Start of Block

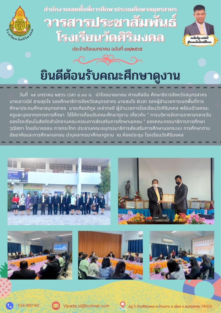 โรงเรียนวัดศิริมงคล ต้อนรับคณะดูงานคณะกรรมาธิการการศึกษาวุฒิสภา โดยมีนายออน กาจกระโทก ประธานคณะอนุกรรมาธิการส่งเสริมการศึกษานอกระบบ การศึกษาตามอัธยาศัยและการศึกษาเอกชน ได้นำคณะมาศึกษาดูงาน ณ ห้องประชุมโรงเรียนวัดศิริมงคล หัวข้อเกี่ยวกับ “การบริหารจัดการอาหารกลางวันของโรงเรียนในสังกัดสำนักงานคณะกรรมการศึกษาเอกชน
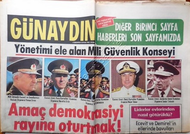 Darbeciler Evren, Kara Kuvvetleri Komutanı Orgeneral Nurettin Ersin, Hava Kuvvetleri Komutanı Orgeneral Tahsin Şahinkaya, Deniz Kuvvetleri Komutanı Oramiral Nejat Tümer ve Jandarma Genel Komutanı Orgeneral Sedat Celasun'dan oluşan Milli Güvenlik Konseyi, bütün yetkileri ele aldı.
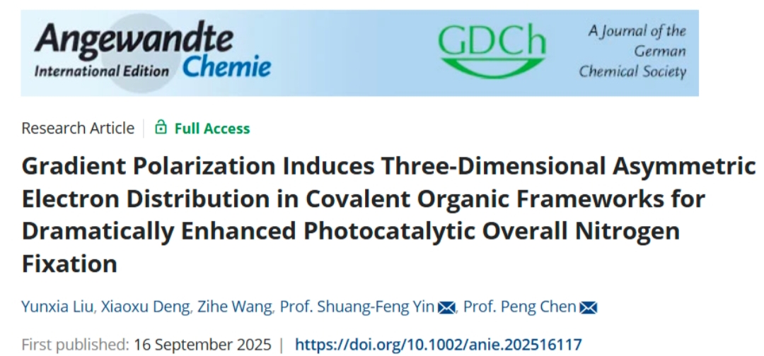 化学与化工学院陈鹏团队光催化固氮技术登顶刊
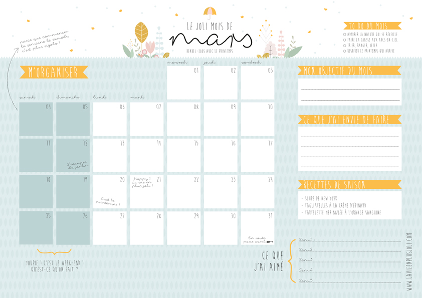 Je cherchais un joli calendrier pour planifier mon mois de mars et voilà que je tombe sur votre sublime calendrier 🙂 Il est juste parfait ! Merci
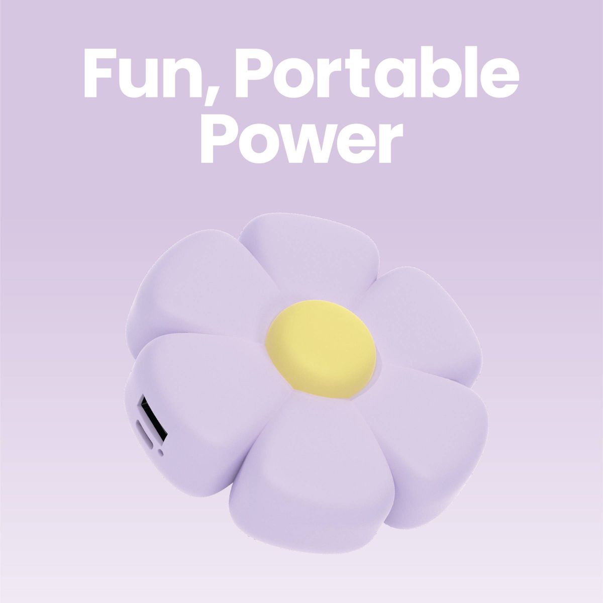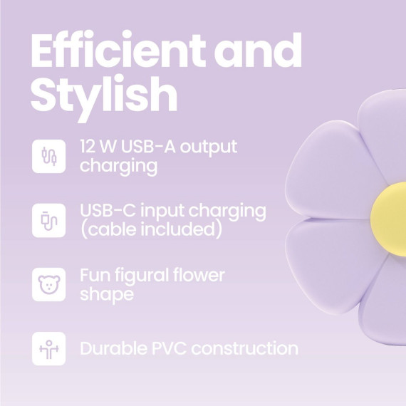 Add a little sunshine to your day with the GEMS Flower Portable Power Bank. Designed with a charming flower shape, this portable charger combines fun style with everyday convenience. The 2,000mAh battery provides quick, reliable charging with 10.5W USB-A output, while the included USB-C cable makes recharging simple. Its durable PVC construction stands up to daily use, and the compact size makes it easy to slip into your bag, purse, or pocket. Perfect for powering up your phone or small devices on the go, this adorable flower power bank keeps you connected in style.
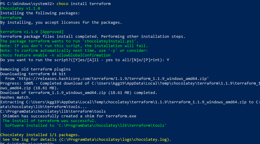 윈도우에 테라폼 설치는 chocolatey로 할 수 있습니다. chocolatey설치 방법은 이전글(https://malwareanalysis.tistory.com/323)을 참고하시길 바랍니다.
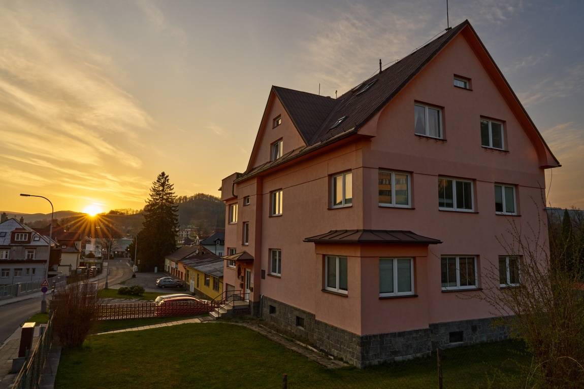 Vila se nachází v centru města Jeseník, a přitom v klidné části sousedící s městským parkem s tenisovými kurty, dětským hřištěm, 2 minuty chůze od autobusového a 15 min od vlakového nádraží. Z okna Vás odmění pohled na pohoří Hrubého Jeseníku s nejvyšším vrcholem Praděd. Výhodnou polohu vily ocení nejen rodiny s dětmi, ale všechny věkové skupiny, neboť v blízkém okolí najdou všechno to, co je k relaxaci a spokojenému pobytu potřeba včetně blízkých kaváren, restaurací či obchodů. Každý si zde najde to své!.
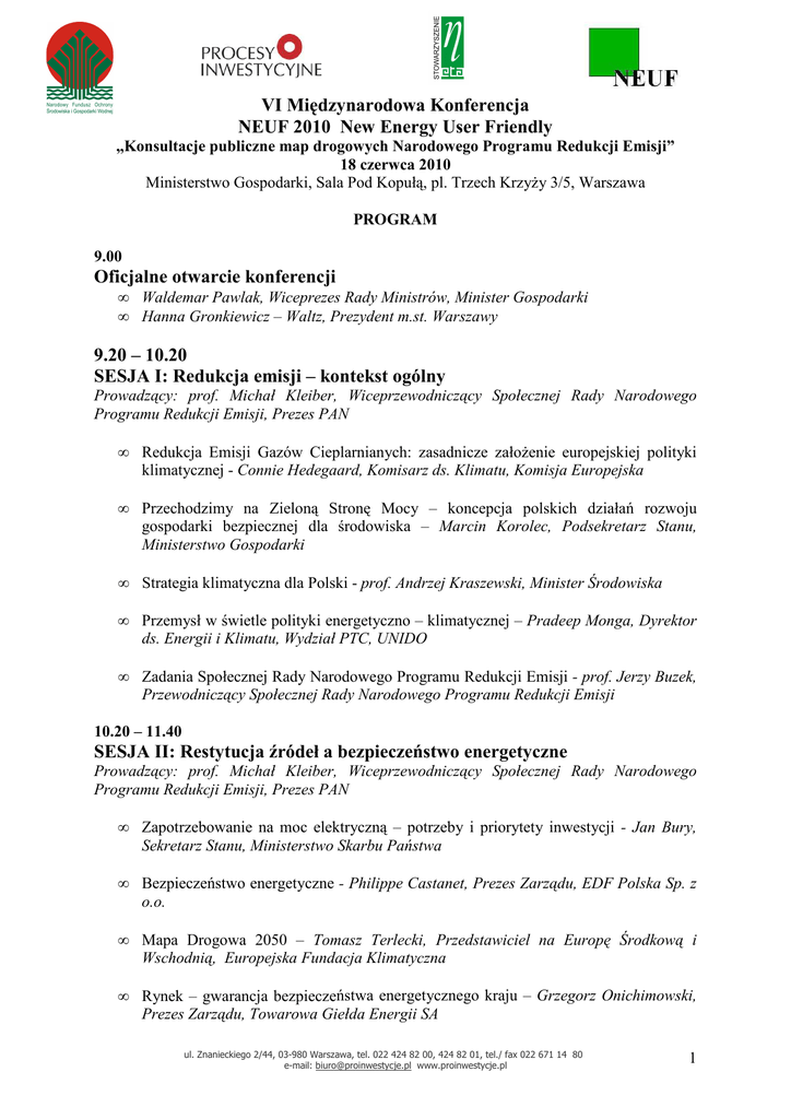 VI Międzynarodowa Konferencja NEUF 2010 New Energy User Friendly „Konsultacje publiczne map drogowych Narodowego Programu Redukcji Emisji” 18 czerwca 2010 Ministerstwo Gospodarki, Sala Pod Kopułą, pl. Trzech KrzyŜy 3/5, Warszawa PROGRAM 9.00 Oficjalne otwarcie konferencji • • Waldemar Pawlak, Wiceprezes Rady Ministrów, Minister Gospodarki Hanna Gronkiewicz – Waltz, Prezydent m.st. Warszawy 9.20 – 10.20 SESJA I: Redukcja emisji – kontekst ogólny Prowadzący: prof. Michał Kleiber, Wiceprzewodniczący Społecznej Rady Narodowego Programu Redukcji Emisji, Prezes PAN • Redukcja Emisji Gazów Cieplarnianych: zasadnicze załoŜenie europejskiej polityki klimatycznej - Connie Hedegaard, Komisarz ds. Klimatu, Komisja Europejska • Przechodzimy na Zieloną Stronę Mocy – koncepcja polskich działań rozwoju gospodarki bezpiecznej dla środowiska – Marcin Korolec, Podsekretarz Stanu, Ministerstwo Gospodarki • Strategia klimatyczna dla Polski - prof. Andrzej Kraszewski, Minister Środowiska • Przemysł w świetle polityki energetyczno – klimatycznej – Pradeep Monga, Dyrektor ds. Energii i Klimatu, Wydział PTC, UNIDO • Zadania Społecznej Rady Narodowego Programu Redukcji Emisji - prof. Jerzy Buzek, Przewodniczący Społecznej Rady Narodowego Programu Redukcji Emisji 10.20 – 11.40 SESJA II: Restytucja źródeł a bezpieczeństwo energetyczne Prowadzący: prof. Michał Kleiber, Wiceprzewodniczący Społecznej Rady Narodowego Programu Redukcji Emisji, Prezes PAN • Zapotrzebowanie na moc elektryczną – potrzeby i priorytety inwestycji - Jan Bury, Sekretarz Stanu, Ministerstwo Skarbu Państwa • Bezpieczeństwo energetyczne - Philippe Castanet, Prezes Zarządu, EDF Polska Sp. z o.o. • Mapa Drogowa 2050 – Tomasz Terlecki, Przedstawiciel na Europę Środkową i Wschodnią, Europejska Fundacja Klimatyczna • Rynek – gwarancja bezpieczeństwa energetycznego kraju – Grzegorz Onichimowski, Prezes Zarządu, Towarowa Giełda Energii SA ul. Znanieckiego 2/44, 03-980 Warszawa, tel. 022 424 82 00, 424 82 01, tel./ fax 022 671 14 80 e-mail: [email protected] www.proinwestycje.pl 1 • Jak stymulować rozwój inwestycji? Finansowanie inwestycji energetycznych – Stanisław Poręba, Ekspert w zakresie Elektroenergetyki, Ernst&Young • Glokalizacja a Kozienice – Marek RóŜycki, Prezes Zarządu, Kozienice II Sp. z o.o. • Mechanizmy wspomagające inwestycje - błękitne certyfikaty - prof. Krzysztof śmijewski, Sekretarz Generalny Społecznej Rady Narodowego Programu Redukcji Emisji 11.40 – 12.00 - Przerwa kawowa 12.00 – 13.30 SESJA III: Efektywność energetyczna Prowadzący: dr inŜ. Arkadiusz Węglarz, Sekretarz Grupy Roboczej ds. Efektywności Energetycznej, Społeczna Rada Narodowego Programu Redukcji Emisji, Dyrektor ds. ZrównowaŜone Rozwoju, KAPE • Efektywność szansą dla bezpieczeństwa dostaw i redukcji emisji – Andrzej Guzowski, p.o. Naczelnika Wydziału Efektywności Energetycznej, Departament Energetyki, Ministerstwo Gospodarki • Wpływ oszczędności energii na konkurencyjność polskiej gospodarki – przemysł, budownictwo, ciepłownictwo, energetyka - dr Sławomir Pasierb, Przewodniczący Grupy Roboczej ds. Efektywności Energetycznej – Społeczna Rada Narodowego Programu Redukcji Emisji, Dyrektor ds. badawczo-rozwojowych - Fundacja na rzecz Efektywnego Wykorzystania Energii • Energy Service Company moŜliwości rozwoju w warunkach polskich – Andrzej Szymański, Prezes Zarządu, Landis+Gyr Sp. z o.o. • Działania mające na celu redukcję emisji CO2 oraz zwiększenie efektywności energetycznej miejskiego systemu ciepłowniczego w Warszawie – Michał Machlejd, Prezes Zarządu, SPEC SA • „Smart Grid: przyszłość czy teraźniejszość?” – Krzysztof Kołodziejczyk, Doradca Zarządu, Globema Sp. z o.o. • Zalety i bariery metody ESCO w Polsce – dr inŜ. Ryszard ŚnieŜyk, niezaleŜny ekspert • Rozwiązania na rzecz zwiększenia efektywności energetycznej - Tuula Ruokonen, Manager, Nordic, Baltic & UK, Fortum Power and Heat Oy ul. Znanieckiego 2/44, 03-980 Warszawa, tel. 022 424 82 00, 424 82 01, tel./ fax 022 671 14 80 e-mail: [email protected] www.proinwestycje.pl 2 13.30 – 14.30 SESJA IV: Czyste technologie węglowe Prowadzący: Tomasz Podgajniak, Prezes Zarządu, CDM Sp. z o.o., były Minister w rządzie Marka Belki • Nawęglenie polskiej gospodarki w kontekście redukcji emisji - Joanna Strzelec – Łobodzińska, Podsekretarz Stanu, Ministerstwo Gospodarki • Zgazowanie węgla – moŜliwości rozwoju - dr Andrzej Siemaszko, Sekretarz Grupy Roboczej ds. Czystych Technologii Węglowych – Społeczna Rada Narodowego Programu Redukcji Emisji, Dyrektor Krajowego Punktu Kontaktowego w Polsce • Węgiel kamienny – perspektywa do 2030 r. – Stanisław Gajos, Prezes Zarządu, Katowicki Holding Węglowy SA 14.30 – 15.15 - Lunch 15.15 – 16.15 SESJA V: Odnawialne źródła energii Prowadzący: Grzegorz Wiśniewski, Członek Grupy Roboczej ds. Odnawialnych Źródeł Energii – Społeczna Rada Narodowego Programu Redukcji Emisji, Prezes Zarządu Instytutu Energetyki Odnawialnej • Jak zazielenić polską elektroenergetykę? OZE jako waŜny element Pakietu Klimatyczno – Energetycznego – Bernard Błaszczyk, Podsekretarz Stanu, Ministerstwo Środowiska • Rola odnawialnych źródeł energii w realizacji pakietu klimatycznego UE - Grzegorz Wiśniewski, Członek Grupy Roboczej ds. Odnawialnych Źródeł Energii – Społeczna Rada Narodowego Programu Redukcji Emisji, Prezes Zarządu Instytutu Energetyki Odnawialnej • Jak nie wylać dziecka z kąpielą - czyli o zrównowaŜonej polityce w sprawie Odnawialnych Źródeł Energii - Krzysztof Nosal, Dyrektor ds. Środowiska, Arizona Chemical • OZE w cieple i kogeneracji - Janusz Nowak, Prezes Zarządu, Dalkia Poznań ZEC • Konkurencja wewnątrz OZE - perspektywa inwestora branŜowego – Krzysztof Müller, Główny MenedŜer, Business Development / M
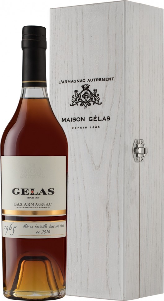 Миллезимный арманьяк Gelas, Bas Armagnac, 1965 изготовлен преимущественно из винограда сорта Бако с небольшим добавлением винограда Уни Блан, выращенных в регионе Bas Armagnac (Нижний Арманьяк). Арманьяк выдержан в бочках из черного дуба, передающего напитку интенсивный цвет и специфический характер.

End of Block

Copy only the lines above from the one containing "Je cherchais un" through the one containing "윈도우에 테라폼 설치는", both included. Leave out the pictures.

Reply:
 Je cherchais un joli calendrier pour planifier mon mois de mars et voilà que je tombe sur votre sublime calendrier 🙂 Il est juste parfait ! Merci
 Add a little sunshine to your day with the GEMS Flower Portable Power Bank. Designed with a charming flower shape, this portable charger combines fun style with everyday convenience. The 2,000mAh battery provides quick, reliable charging with 10.5W USB-A output, while the included USB-C cable makes recharging simple. Its durable PVC construction stands up to daily use, and the compact size makes it easy to slip into your bag, purse, or pocket. Perfect for powering up your phone or small devices on the go, this adorable flower power bank keeps you connected in style.
 윈도우에 테라폼 설치는 chocolatey로 할 수 있습니다. chocolatey설치 방법은 이전글(https://malwareanalysis.tistory.com/323)을 참고하시길 바랍니다.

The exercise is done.